TASK OBJECTIVE: Leave every picture out, then reproduce the rest of the listing exactly.

SOURCE DATA:

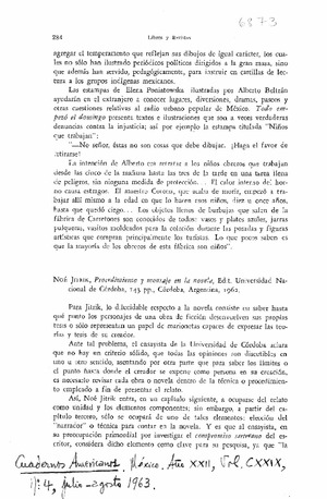 Procedimiento y mensaje en la novela. [artículo] Cuadernos Americanos (México, Chile)-- no. 4, año 22, vol. 129 (jul. 1963) p. 284-286. .
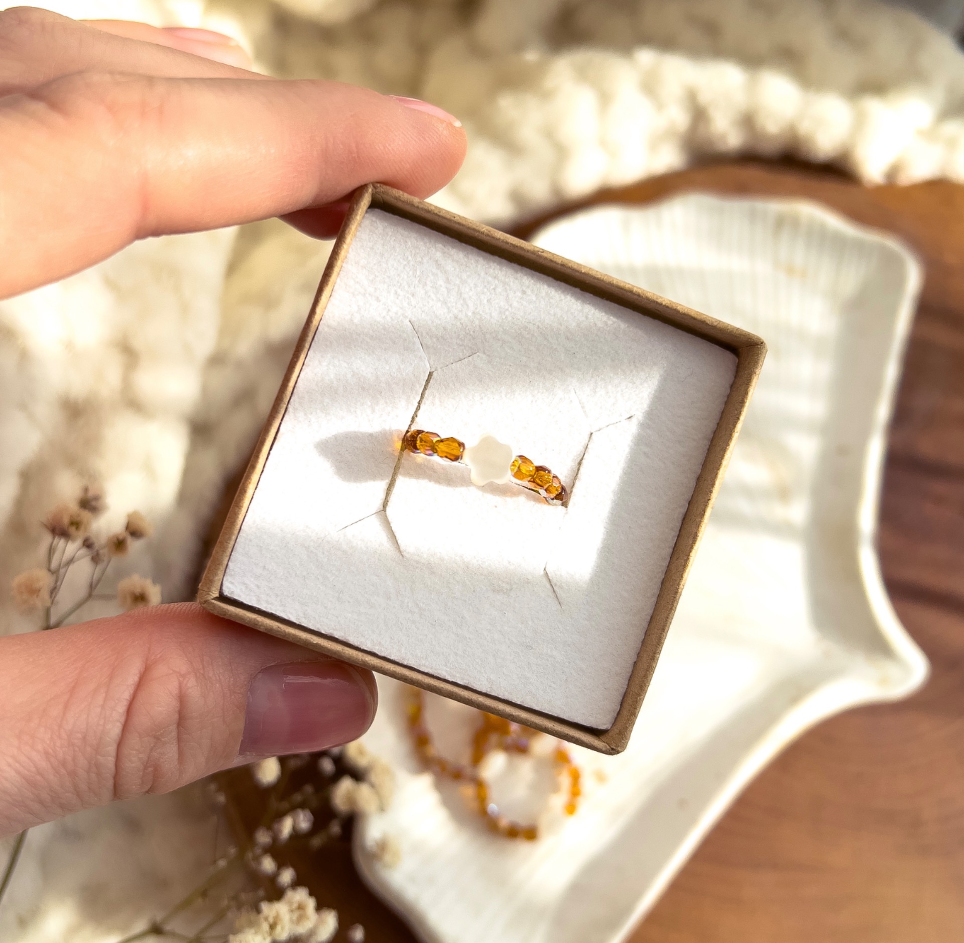 Jemný prstýnek, tvořený broušenými skleněnými korálky v barvě jantaru, doplněný o kytičku z perleti.
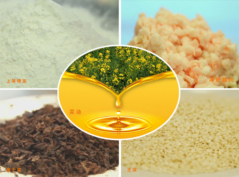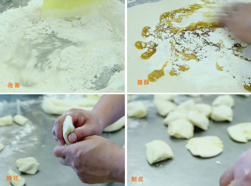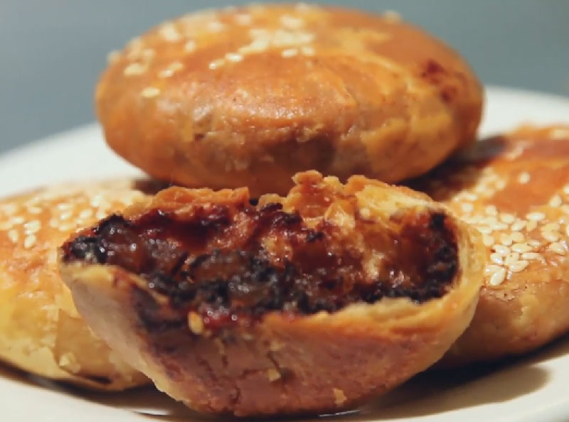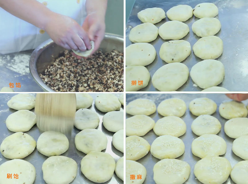 具体制作方法:用标准面粉一斤,菜油一两五钱,肥猪肉四两,干菜(咸)二两五钱,木炭半斤,糖稀、味精、酱油少许。首先把肥猪肉切成小方丁儿,将梅干菜切碎,加上少许味精、酱油拌匀待用。接着将一斤面粉用水半斤(30%开水泡过后,再用70%冷水拌匀和拢),任其发酵几分钟后,再用碱或苏打粉一钱左右,搓扁后滚薄,涂上素油,撒点生面粉,转起来,搓成长条,摘分二十个粉团,把切好的馅逐个包在粉团中间,揿平成饼状,涂上糖稀,撒上芝麻,贴上烘炉(炉内要热,四周热度均匀,可用一小团面试试炉子,面团若呈白色则显得不够热,若呈黑色则显得太热,只有呈黄色则显得炉子热度适中),待烧饼烘成黄色后,下面炉口闭火二三分钟,使得烧饼发酥,猪肉出油,即可出炉。因为这类烧饼外皮酥脆,并且含有梅干菜的清香鲜味,形似螃蟹背壳,色泽泛黄,故得名“蟹壳黄”。刚刚出炉的“蟹壳黄”不待入口,便觉香味浓烈,咬上一口,既酥又脆,层层剥落,满口留香。“蟹壳黄”色泽蟹黄,饼层多而薄,外形厚,口味香,甜、辣、酥、脆,由于烘烤时间长,饼中水分大多蒸发,利于贮存,一旦受潮烘烤后依然酥香如故,酥松油润而不腻。

RESPONSE FOR THIS EXERCISE:
 Procedimiento y mensaje en la novela. [artículo] Cuadernos Americanos (México, Chile)-- no. 4, año 22, vol. 129 (jul. 1963) p. 284-286. .
 Jemný prstýnek, tvořený broušenými skleněnými korálky v barvě jantaru, doplněný o kytičku z perleti.
 具体制作方法:用标准面粉一斤,菜油一两五钱,肥猪肉四两,干菜(咸)二两五钱,木炭半斤,糖稀、味精、酱油少许。首先把肥猪肉切成小方丁儿,将梅干菜切碎,加上少许味精、酱油拌匀待用。接着将一斤面粉用水半斤(30%开水泡过后,再用70%冷水拌匀和拢),任其发酵几分钟后,再用碱或苏打粉一钱左右,搓扁后滚薄,涂上素油,撒点生面粉,转起来,搓成长条,摘分二十个粉团,把切好的馅逐个包在粉团中间,揿平成饼状,涂上糖稀,撒上芝麻,贴上烘炉(炉内要热,四周热度均匀,可用一小团面试试炉子,面团若呈白色则显得不够热,若呈黑色则显得太热,只有呈黄色则显得炉子热度适中),待烧饼烘成黄色后,下面炉口闭火二三分钟,使得烧饼发酥,猪肉出油,即可出炉。因为这类烧饼外皮酥脆,并且含有梅干菜的清香鲜味,形似螃蟹背壳,色泽泛黄,故得名“蟹壳黄”。刚刚出炉的“蟹壳黄”不待入口,便觉香味浓烈,咬上一口,既酥又脆,层层剥落,满口留香。“蟹壳黄”色泽蟹黄,饼层多而薄,外形厚,口味香,甜、辣、酥、脆,由于烘烤时间长,饼中水分大多蒸发,利于贮存,一旦受潮烘烤后依然酥香如故,酥松油润而不腻。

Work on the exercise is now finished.